Desde Navarro, en la provincia de Buenos Aires, la estudiante Adelina Maistruarena describió el casco fundacional de su ciudad natal, construida en los alrededores de la laguna que lleva el mismo nombre. Según relató la joven, la Comisaría, los Bomberos, el Hospital, la Municipalidad e incluso varias instituciones educativas están a muy pocas cuadras de la laguna.

“Hace unos años se construyó un terraplén intentando proteger a la ciudad de las inundaciones, que se producían debido a la misma laguna”, refirió. Sin embargo, “el problema es que al no haber una estación de bombeo que permita retirar toda el agua que se junta cuando llueve, en una parte del terraplén se produce un anegamiento”, detalló. Indicó además que en un sector hay viviendas que podrían verse afectadas.

También desde el interior bonaerense el alumno Máximo Casaro presentó un mapa de prevención sobre su barrio, en la ciudad de Balcarce. Señaló la ubicación de las bocas de tormenta y los sectores en los que en ocasiones se rebalsa el agua por fuertes lluvias. Además marcó la dirección de escurrimiento del agua y la ubicación de casas de dos plantas, en caso de una inundación.

Otras de las presentaciones de los alumnos fueron sobre manzanas de viviendas de Barrio Norte, Ringuelet, Altos de San Lorenzo y Los Hornos, en la ciudad de La Plata.

La importancia de la comunicación

Como balance de la experiencia, se destacan las conclusiones de los estudiantes. Bárbara Guerra mencionó haberse acercado a El Mallín por un tema puntual, que era la falta de cloacas, y encontrarse con un panorama más complejo. “Por momentos me sentí un poco atacada, porque la gente sufre tanto su realidad que eso se refleja en las entrevistas. Llegaron a decirme que a veces no hace falta tanto libro para hacer las cosas”, relató la joven y reconoció que esa situación la llevó a reflexionar sobre su formación.

Sus compañeros y compañeras también remarcaron el perfil “más humano” de la cursada y destacaron la iniciativa de construir una ingeniería diferente. Mencionaron como positivo el hecho de no dedicar sólo horas de estudio frente a los libros o a la computadora, para poder establecer un contacto más directo con la comunidad para conocer sus inquietudes.

En la AFC también se evalúo, como un punto importante, la manera de comunicar de los estudiantes. Se hizo hincapié en que los mapas conceptuales fueran de fácil interpretación para que puedan ser comprendidos por personas sin conocimiento técnico previo.

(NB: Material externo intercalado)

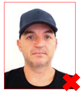
Hat must not be worn
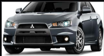
Super All-Wheel Control (S-AWC)
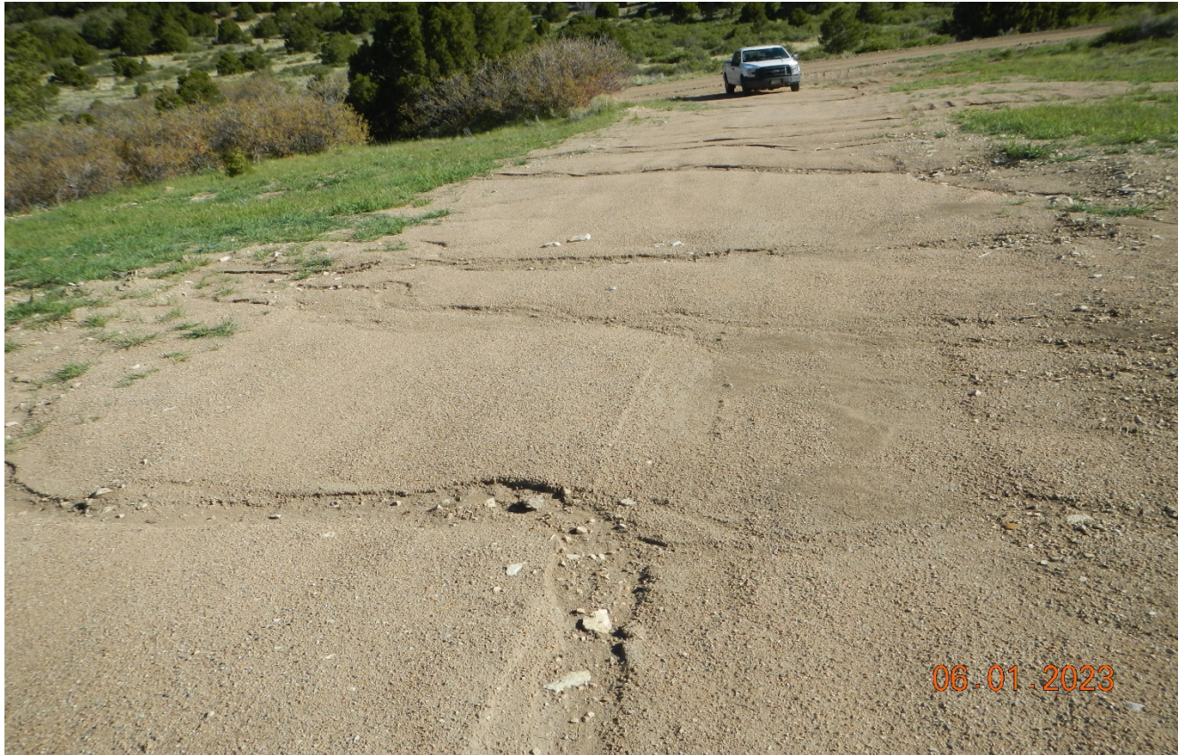
Photo 4. Facing back north toward the access road. There is erosion occurring across the road which is transporting sediment material offsite.
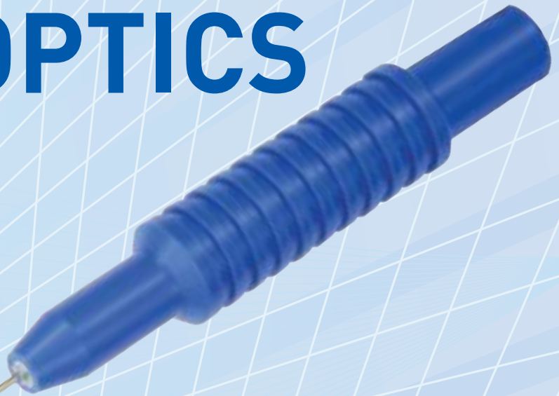
Standard Fiber Optic Probe
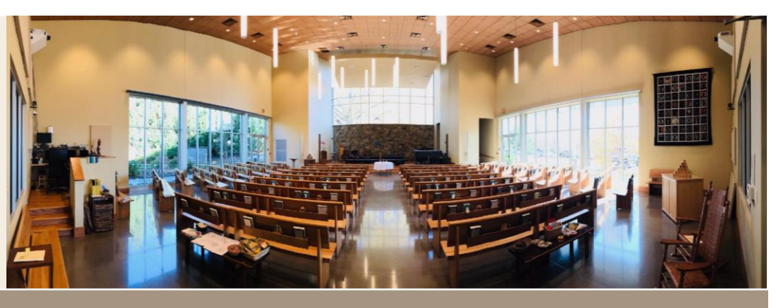
News from Oak Ridge Unitarian Universalist Church

This Sunday (pg.2) Announcements (pgs.3-4) Social and Volunteer Activities (pg.6) Family News (pg.7) November Worship Schedule (pg.8) Community News (pg.9) Church Calendar (pg.10)
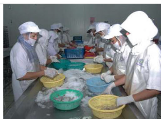
Fisheries & Meat Processing
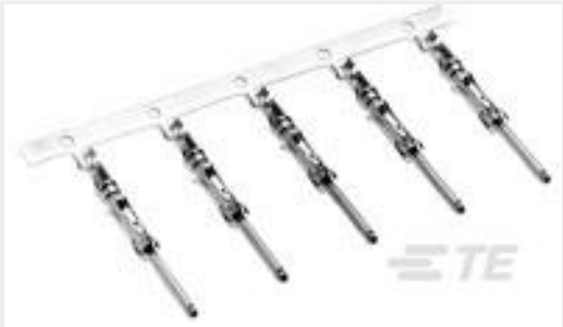
TE Part #66102-1 III+ PIN,24-20,30AU>10,STRIP
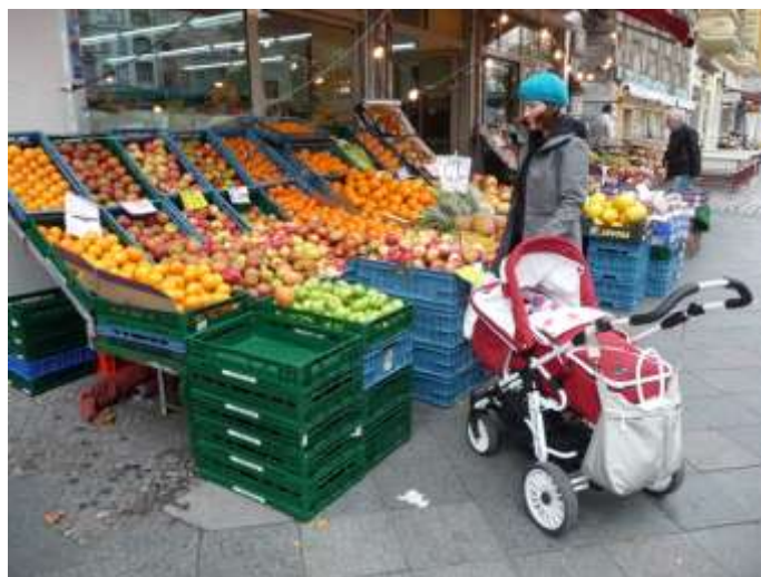
Above: Access to Healthy Food is Essential for a Healthy Built Environment
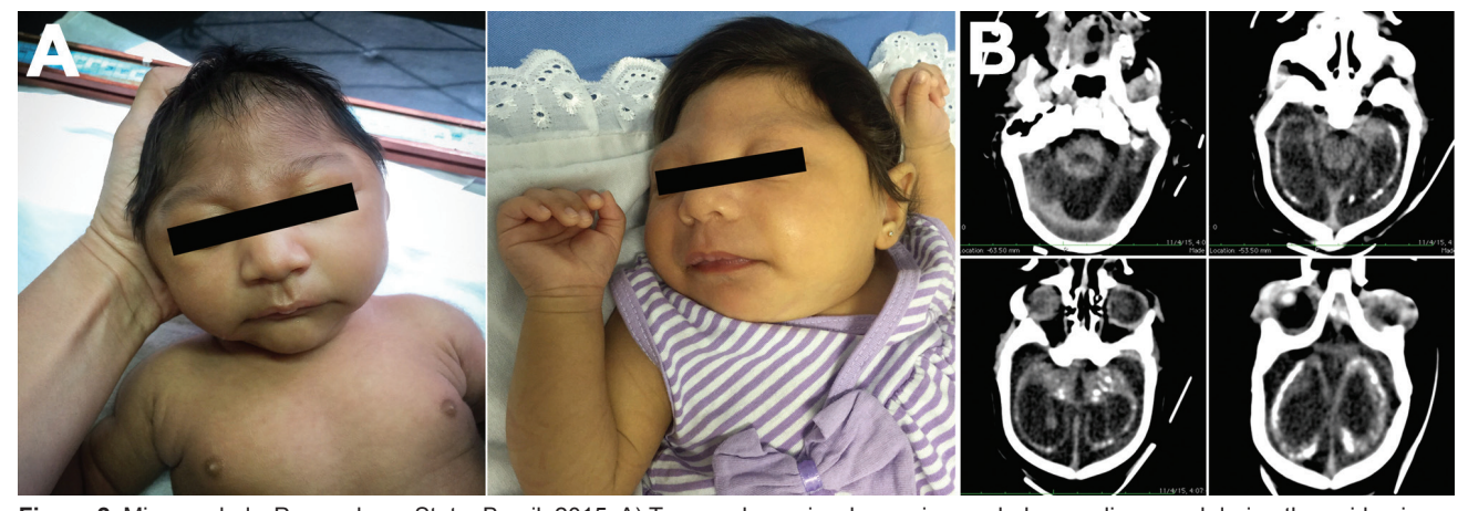
Figure 2. Microcephaly, Pernambuco State, Brazil, 2015. A) Two newborns in whom microcephaly was diagnosed during the epidemic. B) Brain computed tomography scan of a 43-day-old infant showing cerebellar hypoplasia, parenchymal calcifications, ventriculomegaly, and malformation of cortical development compatible with lissencephaly.

Pernambuco since December 2015, supported by the Brazilian Ministry of Health and the Pan American Health Organization, to establish an association between microcephaly and Zika virus (primary hypothesis) and explore other infectious or noninfectious causes.

En este sentido, la arquitecta e investigadora Belén Mirallas, que participó de la presentación, destacó las representaciones gráficas confeccionadas a mano ya que incentivan la intervención de los vecinos para que puedan exponer sus ideas en los mapas.

Mirallas remarcó además la necesidad de que los futuros profesionales utilicen términos de uso cotidiano, sin perder la precisión, cuando dialogan con los vecinos para una comunicación más efectiva.

De la actividad participaron además Sofía Montalvo y Francisco Villalonga, que se encuentran ambos transitando el tramo final de su carrera; la estudiante Stefanía Valinoti, coordinadora junto a Angheben; y el ingeniero Sergio Liscia, director de la carrera Ingeniería Hidráulica, quien felicitó a los estudiantes por el énfasis y el entusiasmo demostrado en los trabajos realizados.

El decano de Ingeniería, Horacio Frene, destacó la experiencia por su mirada social y resaltó que “la ingeniería siempre ha tenido como objetivo fundamental mejorar la calidad de vida de la sociedad”.